(Directions):
Report only the number of lines in this material that include "tons".

(Data for this exercise):
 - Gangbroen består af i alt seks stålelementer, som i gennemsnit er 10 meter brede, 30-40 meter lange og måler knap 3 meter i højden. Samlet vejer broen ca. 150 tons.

* * *

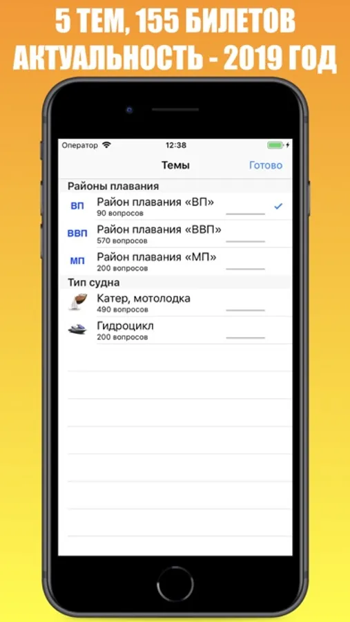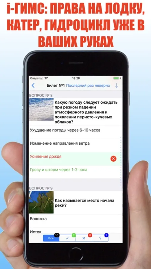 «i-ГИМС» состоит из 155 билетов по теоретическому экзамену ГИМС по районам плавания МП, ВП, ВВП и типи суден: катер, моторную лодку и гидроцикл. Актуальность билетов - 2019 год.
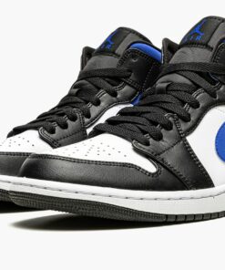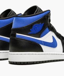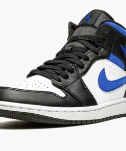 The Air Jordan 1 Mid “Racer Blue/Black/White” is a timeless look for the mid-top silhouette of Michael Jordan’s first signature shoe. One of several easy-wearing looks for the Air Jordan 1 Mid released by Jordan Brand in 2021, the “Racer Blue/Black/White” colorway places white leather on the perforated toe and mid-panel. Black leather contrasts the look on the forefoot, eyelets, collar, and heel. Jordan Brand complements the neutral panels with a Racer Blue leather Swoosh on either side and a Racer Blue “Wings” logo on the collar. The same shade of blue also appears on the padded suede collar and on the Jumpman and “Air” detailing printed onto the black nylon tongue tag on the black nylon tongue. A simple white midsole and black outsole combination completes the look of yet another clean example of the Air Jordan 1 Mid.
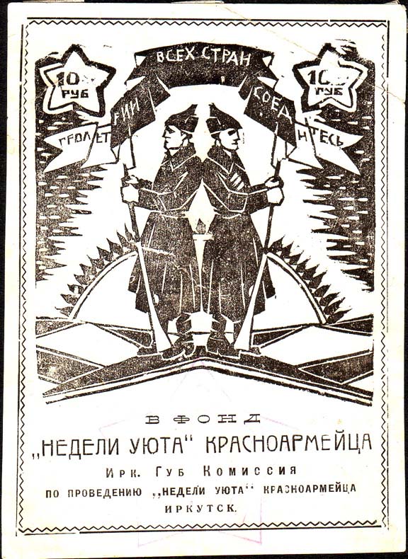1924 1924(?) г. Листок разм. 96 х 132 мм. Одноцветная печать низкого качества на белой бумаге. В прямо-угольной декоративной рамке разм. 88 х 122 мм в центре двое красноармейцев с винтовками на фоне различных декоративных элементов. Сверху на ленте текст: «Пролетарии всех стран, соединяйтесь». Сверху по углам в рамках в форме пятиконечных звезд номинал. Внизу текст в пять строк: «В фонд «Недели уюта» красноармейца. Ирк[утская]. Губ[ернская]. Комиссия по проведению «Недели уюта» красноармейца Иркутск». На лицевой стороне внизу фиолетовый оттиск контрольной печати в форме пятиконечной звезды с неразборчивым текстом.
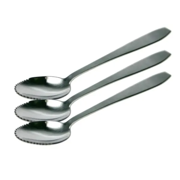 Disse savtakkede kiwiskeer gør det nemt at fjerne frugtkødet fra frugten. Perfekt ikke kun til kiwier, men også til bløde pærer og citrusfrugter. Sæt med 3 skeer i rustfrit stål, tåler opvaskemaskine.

* * *

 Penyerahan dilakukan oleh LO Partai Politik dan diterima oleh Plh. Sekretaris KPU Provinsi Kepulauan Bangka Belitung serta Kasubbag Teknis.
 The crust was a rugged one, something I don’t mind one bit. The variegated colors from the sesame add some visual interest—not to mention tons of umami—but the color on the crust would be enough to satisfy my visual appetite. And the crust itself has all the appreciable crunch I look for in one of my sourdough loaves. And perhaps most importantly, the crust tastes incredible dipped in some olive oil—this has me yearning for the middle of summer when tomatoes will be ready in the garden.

(Exercise response):
2